Когда Данилевский на рождественские праздники собрался домой в деревню, Гоголь отправил с ним в Васильевку только коротенькую записку о присылке денег, а сам остался в Нежине. Когда же затем от матери пришел ответ с упреками в небережливости и в том, что он целые годы не работал, – сын принялся опять «лавировать».
«Если я что знаю, то этим обязан совершенно одному себе, – оправдывался он (1 марта 1828 г.), – и потому не нужно удивляться, если надобились деньги иногда на мои учебные пособия. У меня не было других руководителей, кроме меня самого, а можно ли самому без помощи других совершенствоваться? Я больше испытал горя и нужд, нежели вы думаете. Вряд ли кто вынес столько неблагодарностей, несправедливостей, глупых, смешных притязаний, холодного презрения и проч. Правда, я почитаюсь загадкою для всех; никто не разгадал меня совершенно. У вас почитают меня своенравным, каким-то несносным педантом, думающим, что он умнее всех, что он создан на другой лад от людей. Верите ли, что я внутренне сам смеялся над собою вместе с вами? Здесь меня называют смиренником, идеалом кротости и терпения.
В одном месте я самый тихий, скромный, учтивый, в другом – угрюмый, задумчивый, неотесанный и проч., в третьем болтлив и докучлив до чрезвычайности, у иных – умен, у других – глуп. Как угодно почитайте меня, но только с настоящего моего поприща вы узнаете настоящий мой характер. Верьте только, что всегда чувства благодарные наполняют меня, что никогда не унижался я в душе и что всю жизнь свою обрек благу. Вы меня называете мечтателем, опрометчивым, как будто бы я внутри сам не смеялся над ними…»
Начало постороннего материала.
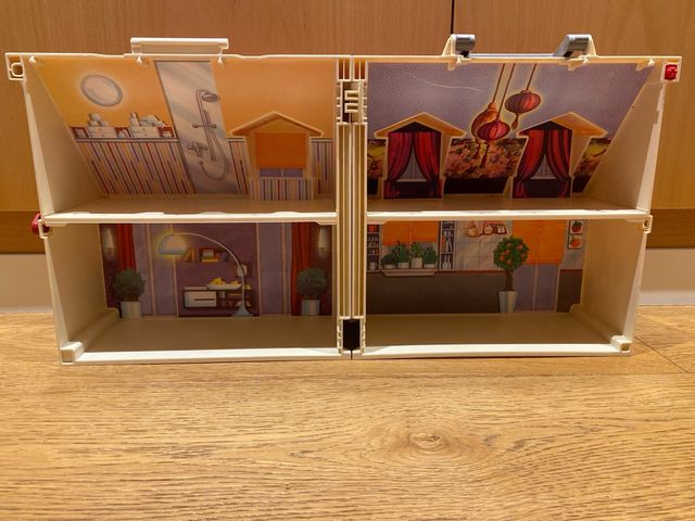 Detalles del productoCasa de muñecas de Playmobil con dos plantas y habitaciones decoradas.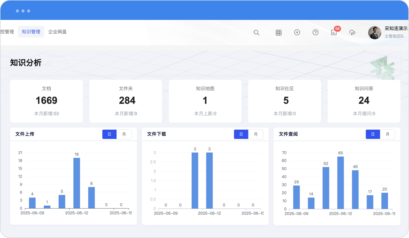 通过直观的图表展示,对于知识来源、标签、数量、活跃度等多维度进行数字化统计分析,协助组织更好地理解问答平台的使用情况和用户行为模式。不仅有助于优化内容管理和推荐算法,还能为决策提供有力支持,提升整体平台的运营效率和用户体验。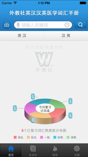 【软件简介】 外教社官方权威正版发布,其他同名医学词汇手册均为盗版。《外教社英汉汉英医学词汇手册》是由上海外语教育出版社发行的词汇词典类软件,软件收录了医学基本词汇(英汉、汉英双向收词20000余条),是医学专业必备手册。本软件由海笛科技提供产品支持,具备手机上最便捷的查词功能(摄像头查词、语音查词等),还有清晰发音、生词收藏、生词辅助记忆等学习功能。选择高品质词典和词汇手册,学习更有保障! 包含应用内购买,购买后畅享正版内容,无每日使用次数限制。 【软件特色】 (1)权威正版:本手册是上海外语教育出版社发行的本行业最权威手册。 (2)专业精选:收录医学基本词汇(英汉、汉英双向收词200…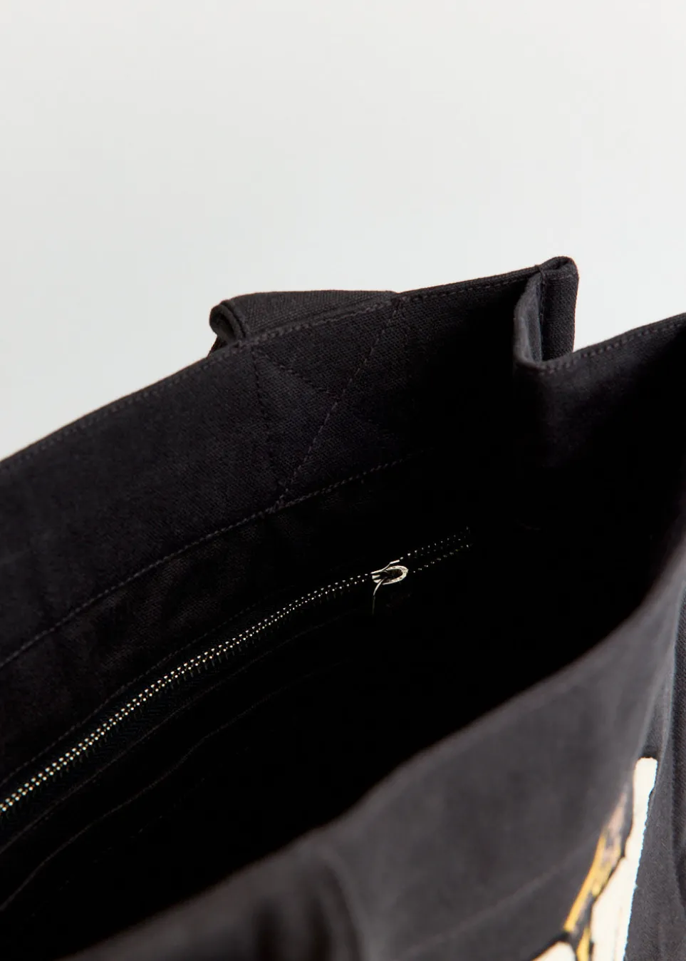 Danish label Ganni blends streetwear trends with a playful touch of humour through bold prints and colour palettes, voluminous silhouettes and easy-to-wear fabrics. Made from recycled cotton, the Large Easy Shopper boasts a rectangular shape complete with two handles and a seasonal graphic GANNI logo embroidered on the front.

А как же отнеслась к такому направлению сына сама Марья Ивановна? Любя его выше всего на свете, считая его первым умником, которому недоставало только прилежания и житейской опытности, она невольно преклонялась перед его «мужским» умом и, богобоязненная, смиренная, а вместе с тем и крайне суеверная, мнительная, одобряла его «политичность» со старшими «к общему благу», но при этом вновь убеждала не заноситься слишком далеко, быть прилежнее, бережливее, в трудные же минуты жизни уповать на одного Бога, держась «панглоссовой системы»: «что ни деется – все к лучшему»[37].
Глава двадцать шестая
Прощай, Нежин!
По заведенному раз попечителем ускоренному порядку, публичные испытания выпускных студентов были распределены на три дня. Но так как самого попечителя на этот раз почему-то не было, отличиться перед ним, значит, не приходилось, и так как познания экзаменующихся достаточно уже выяснились в течение года и на предварительных испытаниях, то утомившиеся за год экзаменаторы не выказывали особенной энергии и испытания шли довольно бесцветно и вяло. Неудивительно, что все – и действующие лица и почетная публика – вздохнули свободней, когда за последним научным предметом начались испытания в искусствах: музыке, пении, фехтовании и танцах.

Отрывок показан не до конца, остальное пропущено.